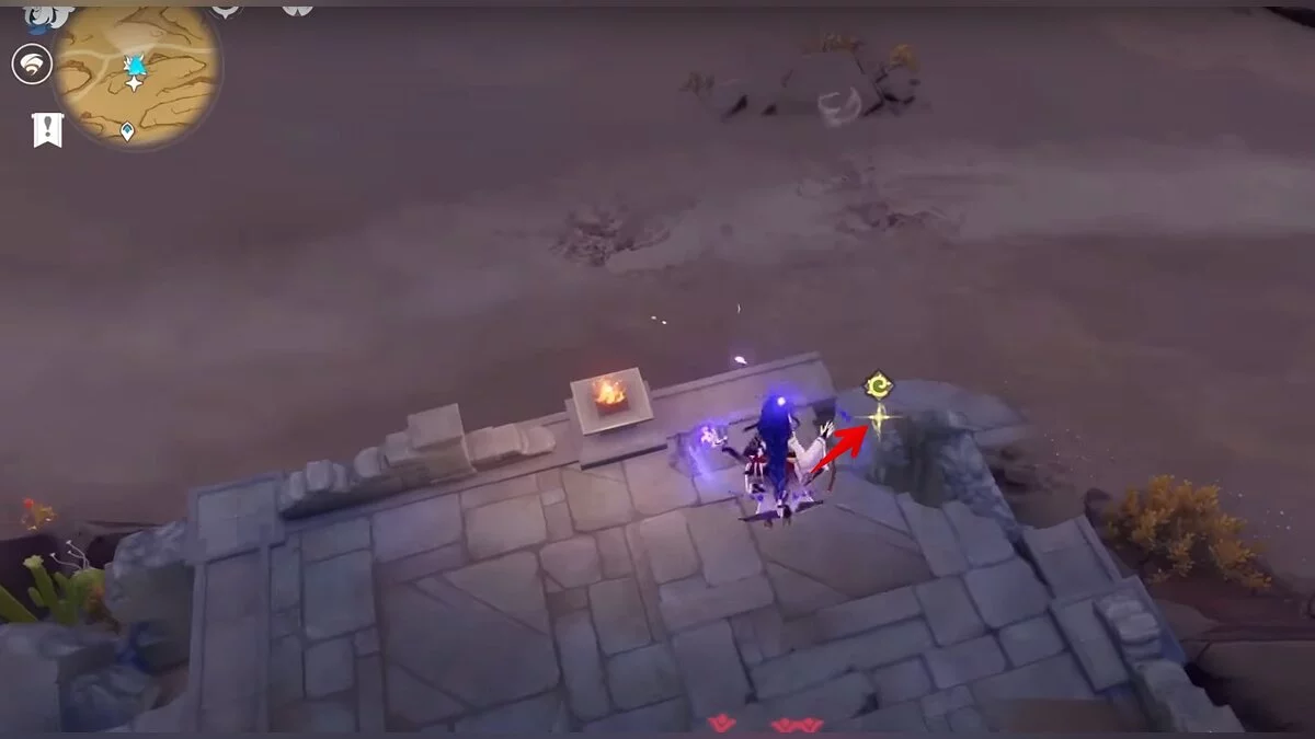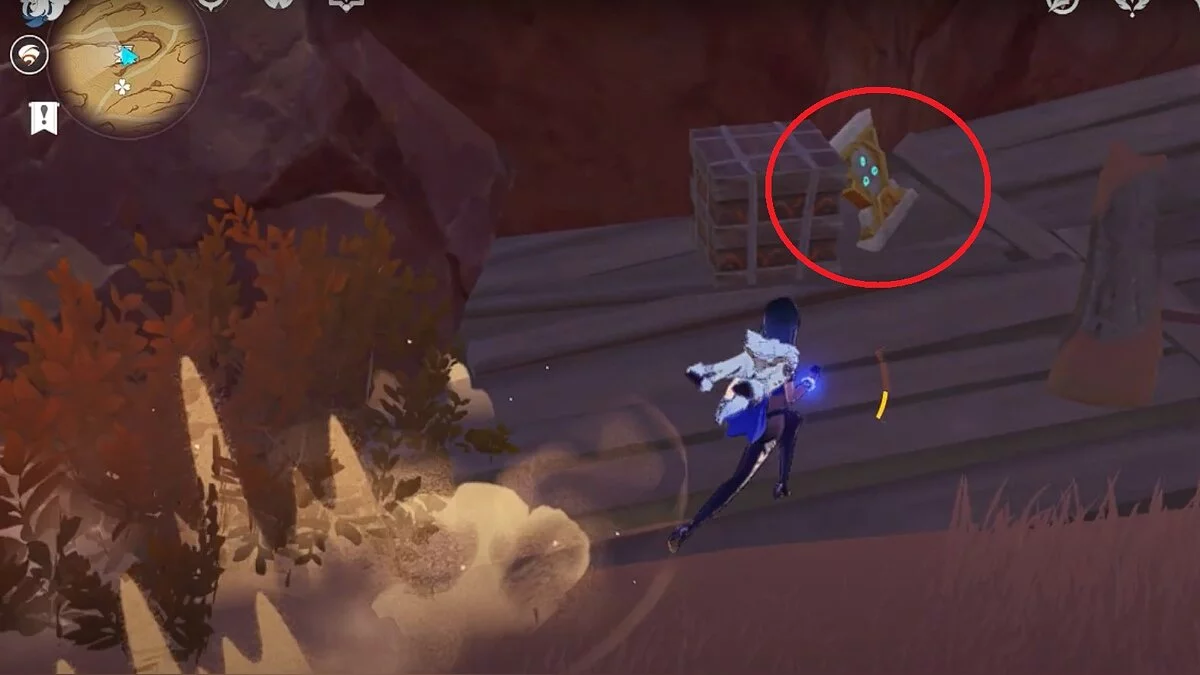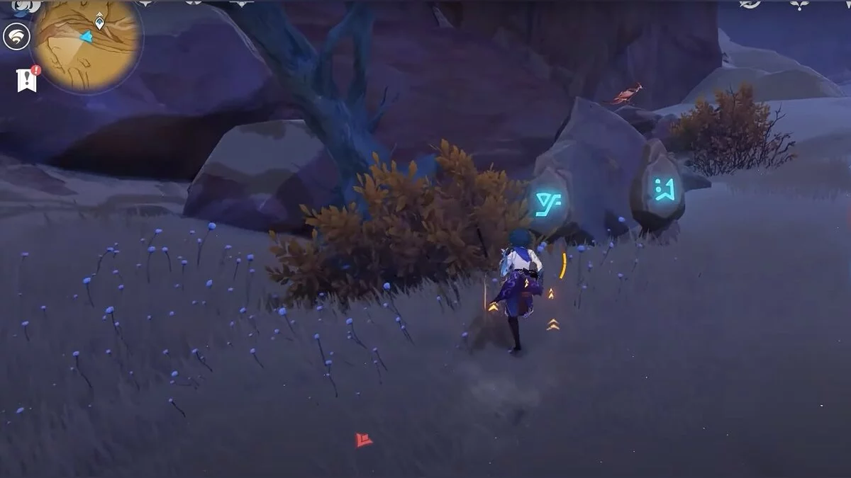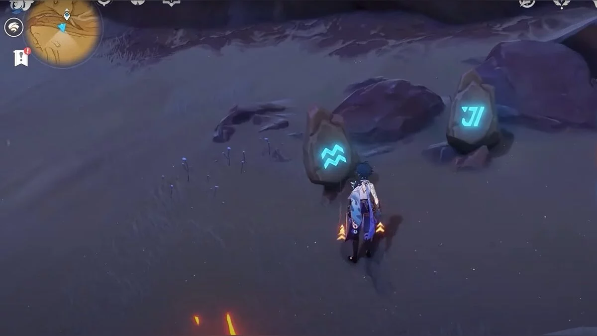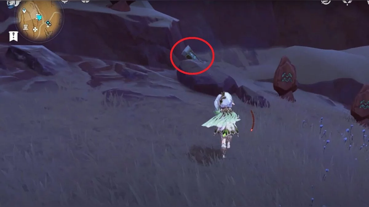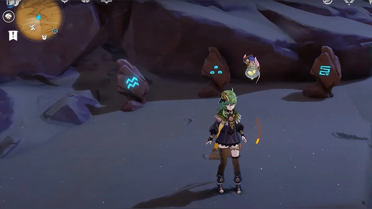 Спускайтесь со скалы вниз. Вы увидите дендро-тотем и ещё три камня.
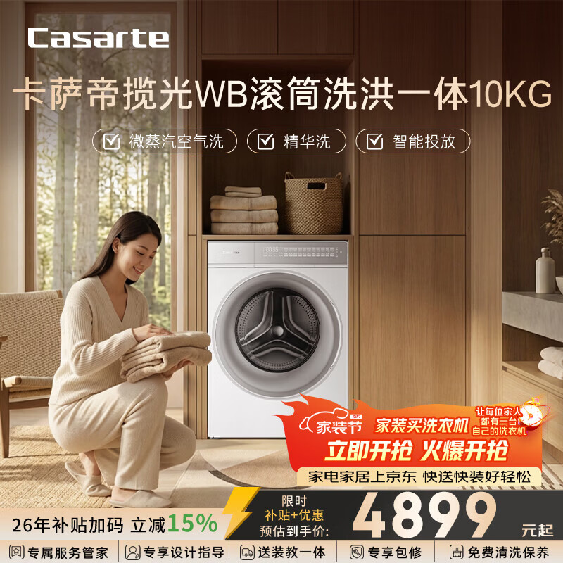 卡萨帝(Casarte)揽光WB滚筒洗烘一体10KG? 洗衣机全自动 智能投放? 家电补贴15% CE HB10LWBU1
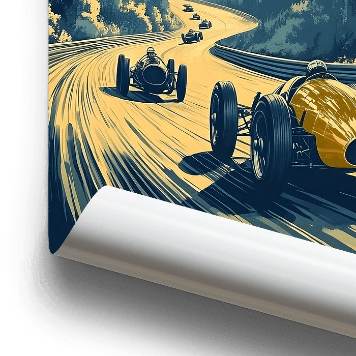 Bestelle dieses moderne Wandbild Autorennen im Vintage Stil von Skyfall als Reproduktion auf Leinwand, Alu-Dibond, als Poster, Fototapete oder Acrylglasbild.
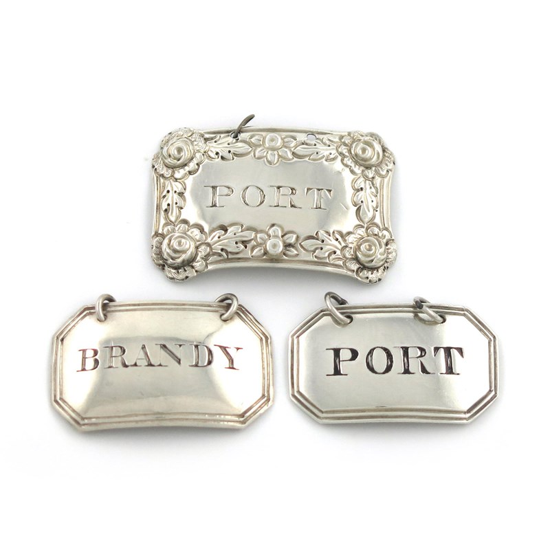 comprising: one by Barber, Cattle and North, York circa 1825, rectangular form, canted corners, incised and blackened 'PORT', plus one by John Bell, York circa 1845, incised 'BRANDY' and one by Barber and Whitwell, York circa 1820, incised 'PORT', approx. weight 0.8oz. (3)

------------------------------------------------------------------------

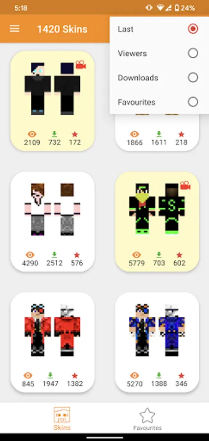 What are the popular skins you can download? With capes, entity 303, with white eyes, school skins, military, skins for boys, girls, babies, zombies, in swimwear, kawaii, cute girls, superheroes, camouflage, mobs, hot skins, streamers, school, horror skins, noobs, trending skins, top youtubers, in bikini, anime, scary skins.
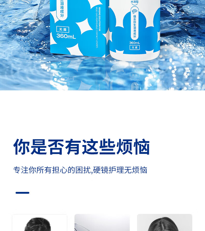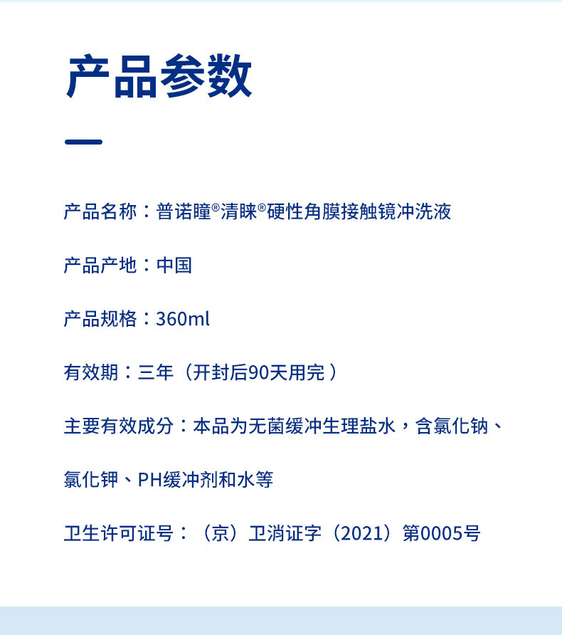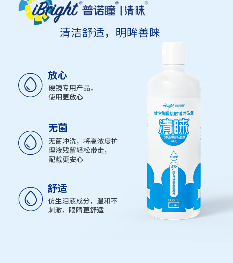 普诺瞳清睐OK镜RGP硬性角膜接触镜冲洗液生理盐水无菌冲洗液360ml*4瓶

------------------------------------------------------------------------

:: Exercise goal ::
In the entries above, find the line containing "Bestelle dieses moderne" and the line containing "comprising: one by", then copy both and every line between them exactly, without any picture.

:: Written solution ::
 Bestelle dieses moderne Wandbild Autorennen im Vintage Stil von Skyfall als Reproduktion auf Leinwand, Alu-Dibond, als Poster, Fototapete oder Acrylglasbild.
 comprising: one by Barber, Cattle and North, York circa 1825, rectangular form, canted corners, incised and blackened 'PORT', plus one by John Bell, York circa 1845, incised 'BRANDY' and one by Barber and Whitwell, York circa 1820, incised 'PORT', approx. weight 0.8oz. (3)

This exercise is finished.